Monkeys, including the orang-utan, are eaten, but not the crocodile nor the tiger-cat. In accordance with the prevailing Dayak custom men and women eat at the same time. If they choose, women may accompany fishing or hunting expeditions if not far away, but when the game is wild ox or rhinoceros they are not allowed to take part. When there is an overflow of the river one cannot go hunting, nor if one should fall at the start, nor if the rattan bag should drop when the man slings it on his back, or if anybody sneezes when about to leave the house. If when going out on an errand one stubs his toe against the threshold, he must wait an hour. Having started on a fishing or hunting expedition nobody is permitted to go back home; should this be done the enterprise would be a failure for the others; nor should the dogs, on a pig hunt, be called in while on a ladang lest monkeys and deer eat the paddi. When about to undertake a journey of more than four or five days' duration one must abstain from eating snake or turtle, and if a pregnant woman eats these reptiles the child will look like them. Should she eat fruit that has fallen to the ground, the child will be still-born. The same prohibition applies to lizards.
Up to twenty years ago the Duhoi and the Katingans made head-hunting raids on each other. It was the custom to take a little flesh from the arm or leg of the victim, which was roasted and eaten. Before starting on such an expedition the man must sleep separate from his wife seven days; when going pig-hunting the separation is limited to one day. On the Upper Samba the custom still prevails of drinking tuak from human skulls. This was related to me by the "onder" of Kasungan, a trustworthy man who had himself seen it done.
A wide-awake kapala from one of the kampongs above was of excellent service in explaining the purposes of the ethnological objects I purchased. About articles used by women he was less certain, but he gave me much valuable information, though it was impossible to keep him as long as I desired because he felt anxious about the havoc rusa and monkeys might make with his paddi fields. At five o'clock of an afternoon I had finished, and in spite of a heavy shower the kapala left to look after his paddi, with a night journey of six hours before him. These people are satisfied with little, and he was happy to receive, besides rice and money, a quantity of cocoanut oil and some empty tin cans thrown in.
During this busy day the thought occurred to me that the night was Christmas eve, the great festival in Scandinavian countries, and I had made no preparation for a better meal, having neither time nor means. In fact, it so happened that I had rather less than usual. Nevertheless, the day had passed happily, as I accomplished much and acquired interesting information, for instance, about the flying prahu which I had secured. It was about half a metre long, and this and similar models seem to be quite an institution in the southern parts of Borneo. The Duhoi and the Katingans use the contrivance for curing disease, though not in the way we should expect, by carrying away the disorder, but by making a present of the prahu to a good antoh to facilitate his journey.

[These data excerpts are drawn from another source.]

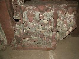 | Description / विवरण | It is a scultprue of Yog Narayan shown in padamasana on a lotus, in dhyanic posture holding his attributes followed by samkha and chakra prusha and flying celestial Vidyadhar and Maladhar on top. |
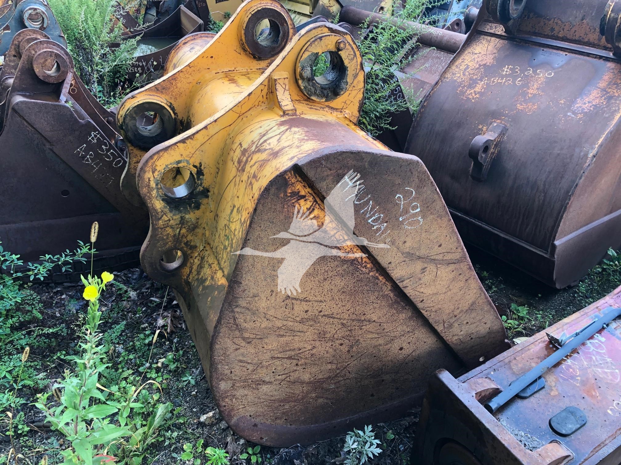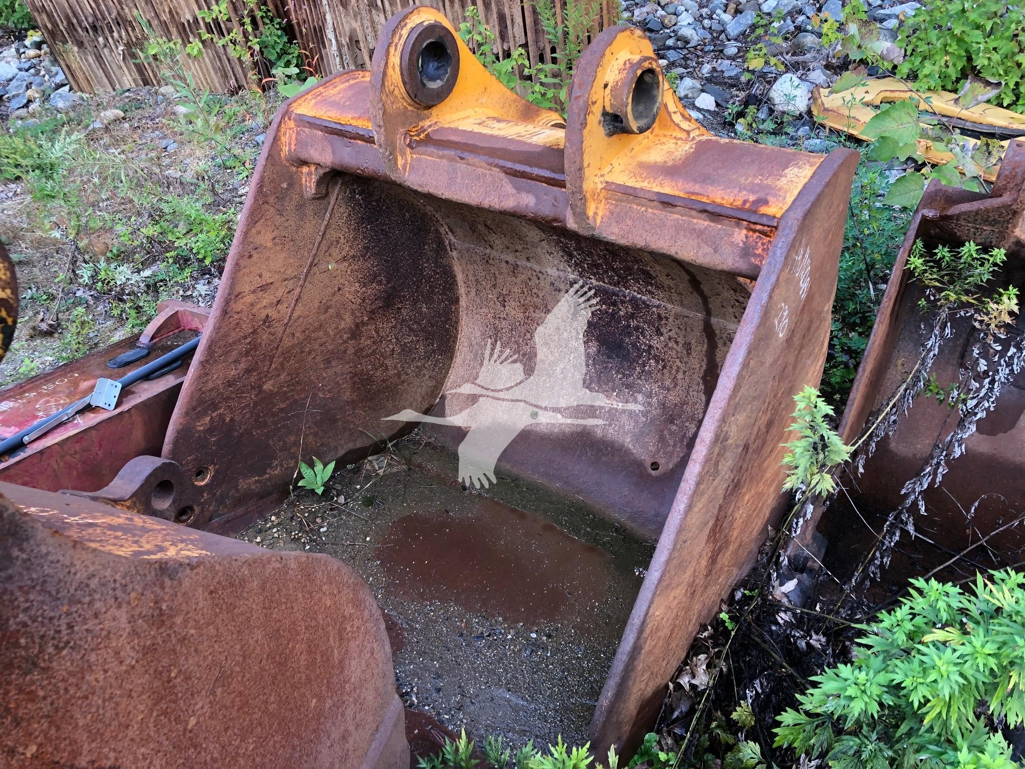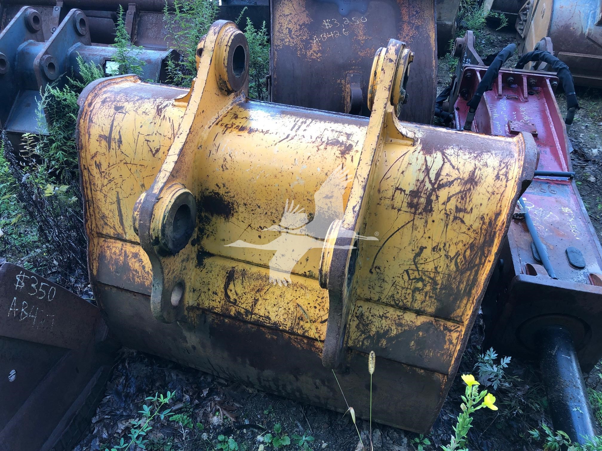 50" digging bucket, 15 3/4" spread, 20" center to center, 90 mm pin holes, missing 2 teeth - shanks worn down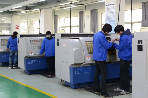 机电、数控专业学生在校内机电实训室,实践操作机床设备

The name of the flying prahu is menáma, in. Katingan, melambong. The more or less wavy carvings of the edge represent the beach. On board are several wooden images: The great hornbill which carries the prahu along and steers it; the tiger-cat, which guards it; the gong and two blanga (valuable urns), to which are added a modernism in the shape of a rifle—all are there ready to drive away the bad antoh which caused the illness. To a pole—or rather a combination of two poles—are tied two rudely made wooden figures, one above the other, representing, the one below, the djuragan or skipper (tiháng); the one above, the master of the "sails" (únda).
When a Duhoi is very ill and able to pay the blian five florins, he promises a good antoh to give him a menáma if he will make him well. The contrivance is then made and the necessary ceremonies performed to the end that its purpose shall be fulfilled. In the presence of many persons, the afflicted man lying on his mat, the blian dances in the room holding the prahu on his hands, the left at the bow, and swerving it to left and to right; he sings at the same time but there is no other music. On three consecutive nights this performance is continued for about an hour, near the door, with an eye to the ship's departure, and although it does not disappear it is believed to have accomplished its mission.
The Duhoi are polygamous, as are the Kahayans. According to a rough estimate, one-third of the people have one wife, one-third two, and one-third three. If a girl declines the suitor on whose behalf the father acts, she is not forced and the matter is closed. Should she agree, then the price must first be determined, and is paid in goods, gongs, cattle, domestic pigs, water-buffaloes, etc. Really poor people are not found here, and the least amount a man pays for his wife is two gongs, which are procured from the Malay trader.
About sunset people gather for the marriage ceremony. The couple sit on one gong. A water-buffalo, pig, or fowl having been sacrificed, the blian sings and smears blood on navel, chest, and forehead of the pair. On rising to go to their room the bridegroom beats seven times upon the gong on which they were sitting, and before he enters the door he strikes the upper lintel three times, shouting loudly with each blow. Food is brought there, and while the door is left open the newly wedded eat meat and a stew of nangka seasoned with red pepper and salt, the guests eating at the same time. After the meal the bridegroom gives everybody tuak, and people go home the same evening unless they become drunk, which often happens. The young married couple remain one year with the bride's parents.